Stacey Gaudette-Sharp, Assistant Dean of the Career Bridge Centre, and Susan Roulston, MyExperience Transcript Advisor, have been working with Symplicity Outcome since the platform's earliest days at Lethbridge. What started as a single co-op module in 2017 has grown into a fully integrated system supporting co-op, career services, co-curricular programming, and experiential learning across the university.

"Our MyExperience platform and transcript has really become a central component of our department," says Stacey. "We have positioned Career Bridge as the front door to the institution for all of our community and industry partners."

From FileMaker to a Full Ecosystem

Before adopting Outcome, the team was managing data through a combination of FileMaker and spreadsheets. The Faculty of Arts and Science Co-op program was an early adopter of the Orbis platform in 2017, first using it to support co-op placements. By fall 2019, the institution had expanded to include co-curricular reporting and the adoption of the experiential transcript.

The real turning point came in July 2020, when the university centralized its career-related programs into a single department right at the start of the pandemic. Career Bridge suddenly found itself integrating three separate departments, all while working remotely and keeping academic programs running.

"It was wild times," Stacey recalls. "It was nice to be able to rely on the Orbis and MyExperience team to support that work."

Susan credits the implementation process itself for setting the team up well. "We had weekly meetings with the Symplicity team, and they were very helpful. They talked us through a lot and showed us how other institutions were running things so it could help us with decisions."

 

Today, Susan continues to meet monthly with her product success coach, Linda, and is quick to give credit where it's due. "She is absolutely amazing. I have to give her all the shout outs in the world."

An Institutional Plan, Powered by a Platform

Career Bridge now sits at the center of the university's experiential learning and career education strategy, an institutional plan that is fully supported by the Outcome platform. The team manages co-op, career services, co-curricular reporting, two CIRP (Community and Industry Research Projects) courses all within the system. And are working towards practicums, athletics, and scholarships & awards.

Susan and her colleague Roberto spend much of their time connecting with staff and faculty across campus to bring more programs and data into the platform. One active project involves working with the student union to require semester-by-semester reporting in the system, with a goal of embedding that requirement into the union's constitution.

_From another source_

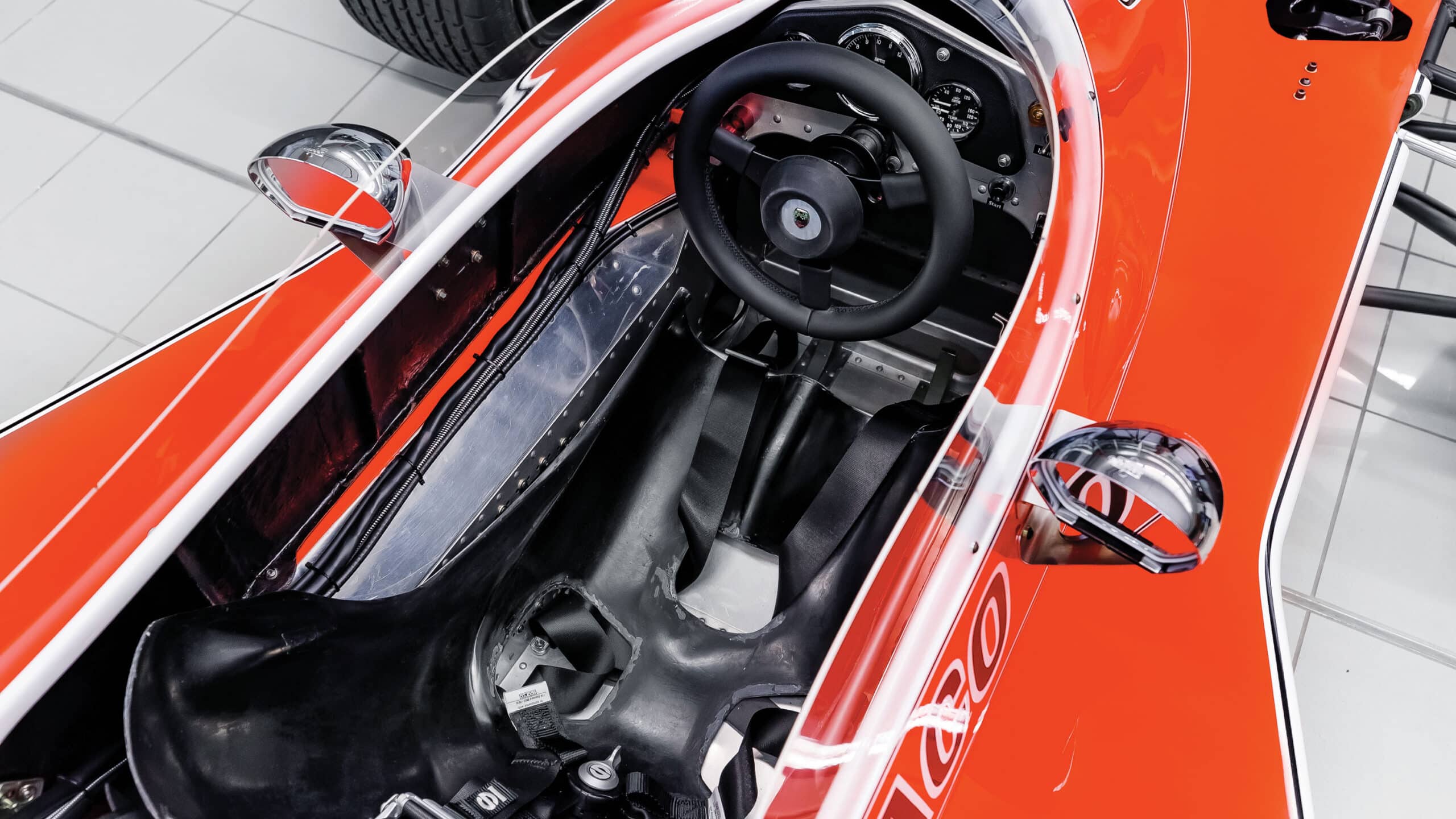 Rapidly, the car began to come together. A new Cosworth DFV was supplied from a well-known UK specialist to correct ‘wide pump’ specification, while Heritage systems engineer Julian Coates unravelled the mysteries of the ‘spark box’ and built up a wiring loom. The wheels are original items, carefully crack tested, and while the evocative rear-view mirrors were bought in, the brackets were water-jet cut out of a flat sheet of aluminium, and then folded into shape by the F1 team’s fabricators. Ryan knows his way around an M23 – he rebuilt chassis 5 earlier in the year – and is confident it would be difficult for the mechanics in period to tell the difference between this car and one of the team’s actual race chassis. Sometimes that attention to detail has made the job harder: the plumbing, for example, has been done with period olive-type connections and fittings instead of the modern swaged fittings used today. Having said that, the central part of the steering wheel has been 3D printed – perhaps the one modern part on the car.

"We're really working on building out the experiential learning module," Susan says. "We want to slowly start working with more faculty to get their courses in the system."

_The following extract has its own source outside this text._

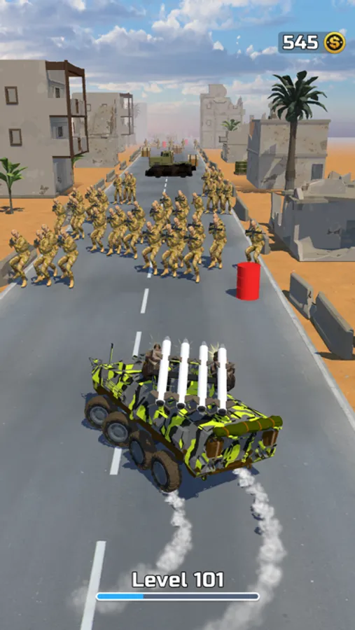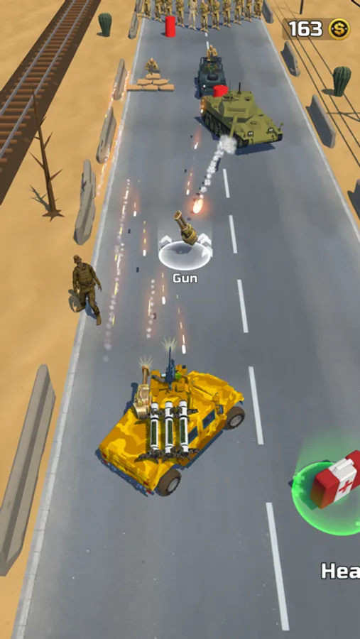 - Upgrade your weapons by breaking crates or destroying enemy vehicles.

431% Growth in Published Transcripts

Getting students to buy into a new platform was not without its challenges, especially when the pandemic pushed classes fully online for almost two years. But the numbers tell the story of what consistent investment in student engagement looks like over time.

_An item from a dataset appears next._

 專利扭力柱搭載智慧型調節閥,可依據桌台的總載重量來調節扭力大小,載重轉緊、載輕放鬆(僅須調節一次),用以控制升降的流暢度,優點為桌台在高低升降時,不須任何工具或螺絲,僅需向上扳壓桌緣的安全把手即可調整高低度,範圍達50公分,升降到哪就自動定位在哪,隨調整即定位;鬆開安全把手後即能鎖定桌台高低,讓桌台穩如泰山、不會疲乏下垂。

Since making a concerted push to drive meaningful use of the platform, the Career Bridge team has seen published student transcripts increase by 431%.

"We've really been working hard to get students to use the platform the way it is meant to be used," Susan says. "We're doing a lot of marketing, building help documents and videos, and just making sure the system is easy to use for everyone."

A Tool for Learning, Not Just Showcasing

Perhaps the most important shift in how the Career Bridge team thinks about the experiential transcript is this: its greatest value is not in what employers see. It is in what students learn about themselves.

"When students are doing the curation and connecting their skills and competencies to an experience on that transcript, what they're actually doing is building a vocabulary for themselves," Stacey explains. "They are learning how to articulate the theory to practice and the competencies they're developing, whether it's curricular or co-curricular, so that they can promote themselves in conversations with employers."

This reframe from portfolio tool to learning tool is now central to how Career Bridge talks about the transcript with students, faculty, staff, and industry partners alike. It is less about the artifact and more about the process of reflection that creates it.

First in Canada: An API Integration with MyCreds

One of the team's proudest achievements is a first-of-its-kind API integration between Outcome and MyCreds, Canada's national platform for digital credentials.

Initiated by Vice Provost (Students), Kathleen Massey, and built through Susan's direct collaboration with both Symplicity and the MyCreds team, the integration means that when students graduate, their experiential transcript is automatically transferred to their MyCreds account, ready to be shared with employers.

"I think that really led to the increase in usage," Susan says. "Now anyone who has an experiential record will have it automatically put into MyCreds."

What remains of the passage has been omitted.